Prompt =
The lines from the one holding "Select or clear" to the final line of the listing below are to be duplicated exactly, with both ends included and pictures omitted.

Raw data =
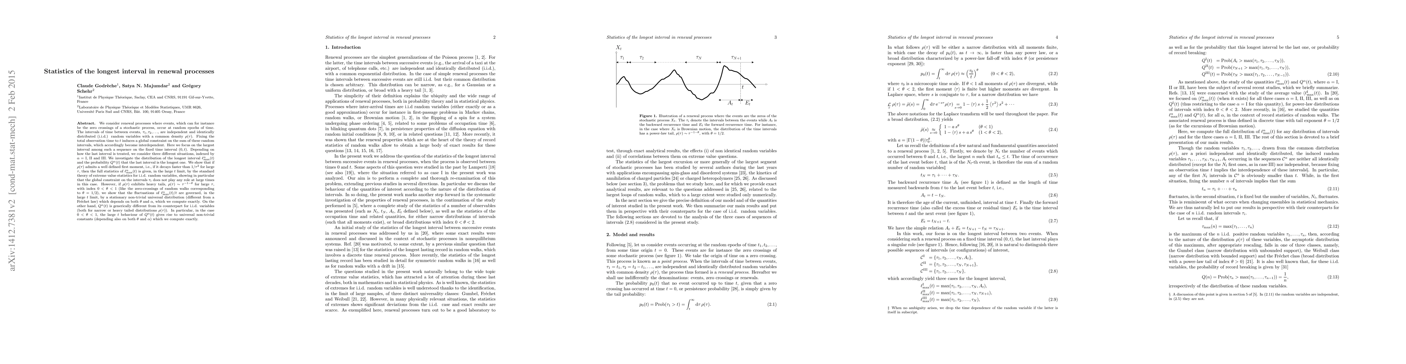 The paper investigates how the distribution of the longest interval in a renewal process changes with the decay rate of its density function, finding that it follows extreme value statistics for slow decays and a universal distribution for heavy-tailed distributions.
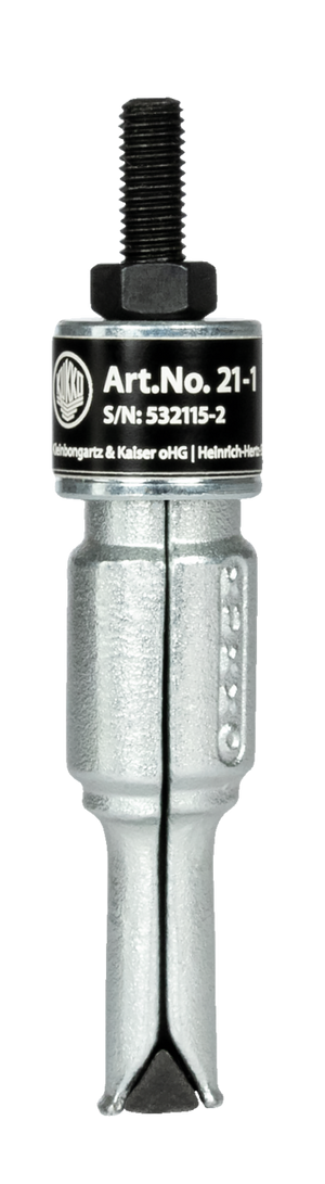 The internal extractors of the series 21 are used for pulling out internal bearings, bearing outer rings, and bushings in craftsmanship, workshops, and industry. The multi-shelled design of the internal extractors with their extra large gripping edges allows for the safe pulling out of internal components. The series 21 impresses with its compatibility and versatility of applications. Depending on the application, there are numerous variants of the optionally 2-jaw or 3-jaw internal extractors. They are used either together with counter stays or with sliding hammers.
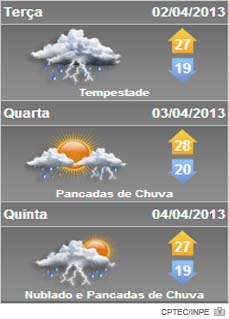 Nesta segunda-feira ainda há chance de pancadas isoladas de chuva com trovoadas no Oeste e Meio Oeste devido a influência um sistema de baixa pressão. Durante a terça e quarta-feira, a previsão fica então para instabilidade com chuva mais significativa também no Oeste de Santa Catarina. Ainda conforme a Epagri/Ciram, na quinta o tempo volta a ficar mais firme e seco. Temperatura mais elevada durante o dia e amena à noite, portanto, condição típica de outono. As temperaturas variam dos 12ºC aos 27ºC.
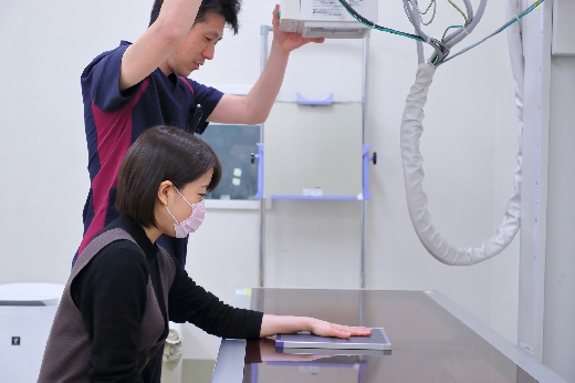 当院では初診時と1年毎の定期検査として手・足・肺のX線撮影をさせていただいています。
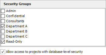Select or clear the Allow access to projects with database-level security check box. If some of the projects in the database will continue to use database-level security, this allows you to specify whether each user will be able to access those projects.- If the option is selected (default), the user will be able to access any public/reference project that is set to use database-level security, with the combined permissions from any of the assigned security groups.
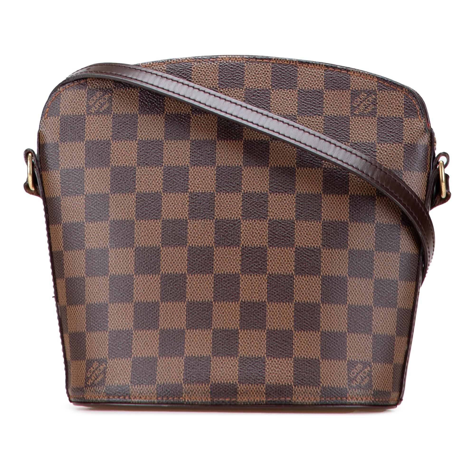 The Drouot features a damier canvas body, an adjustable leather shoulder strap, a top zip closure, and an interior slip pocket. Retail Price: 1075.00
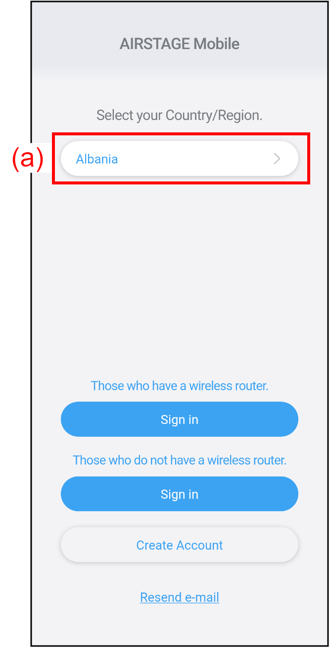 - หากคุณไม่มีบัญชี AIRSTAGE Mobile ให้สร้างบัญชีใหม่ตาม “การสร้างบัญชี”
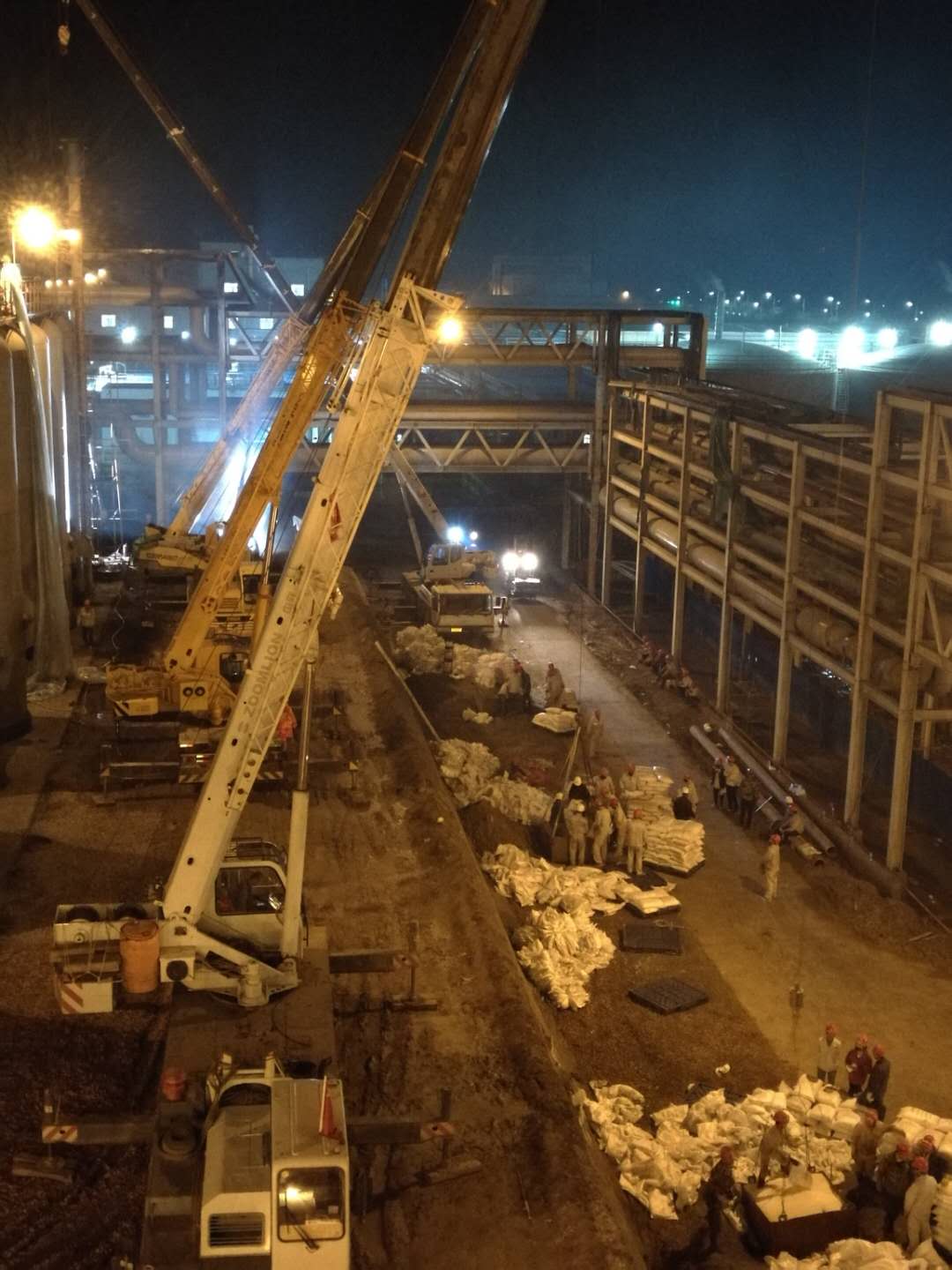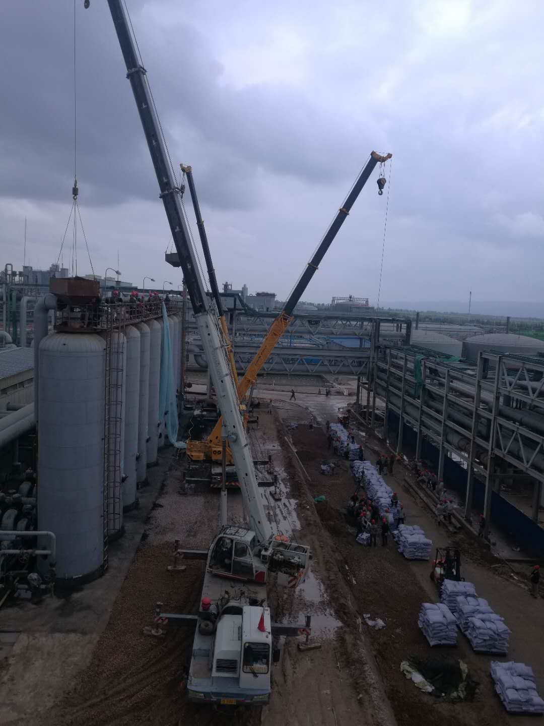 3臺(tái)吊車,8臺(tái)叉車,130余人,全力以赴,爭(zhēng)分奪秒
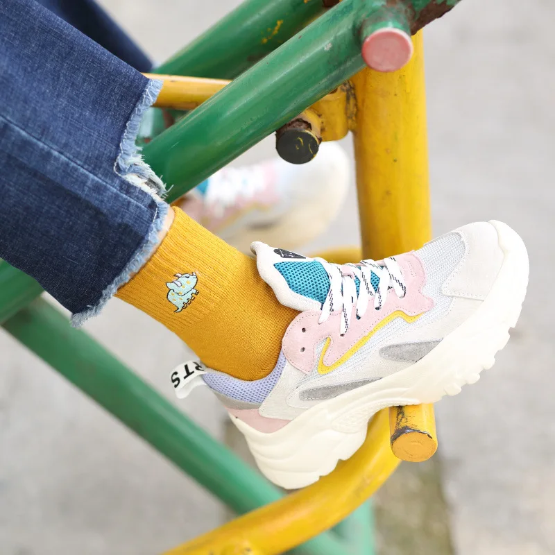 Модные Симпатичные креативные Хлопковые женские носки с вышивкой динозавра, высококачественные забавные зимние Мультяшные милые желтые носки в стиле Харадзюку

Answer box =
Select or clear the Allow access to projects with database-level security check box. If some of the projects in the database will continue to use database-level security, this allows you to specify whether each user will be able to access those projects.- If the option is selected (default), the user will be able to access any public/reference project that is set to use database-level security, with the combined permissions from any of the assigned security groups.
 The Drouot features a damier canvas body, an adjustable leather shoulder strap, a top zip closure, and an interior slip pocket. Retail Price: 1075.00
 - หากคุณไม่มีบัญชี AIRSTAGE Mobile ให้สร้างบัญชีใหม่ตาม “การสร้างบัญชี”
 3臺(tái)吊車,8臺(tái)叉車,130余人,全力以赴,爭(zhēng)分奪秒
 Модные Симпатичные креативные Хлопковые женские носки с вышивкой динозавра, высококачественные забавные зимние Мультяшные милые желтые носки в стиле Харадзюку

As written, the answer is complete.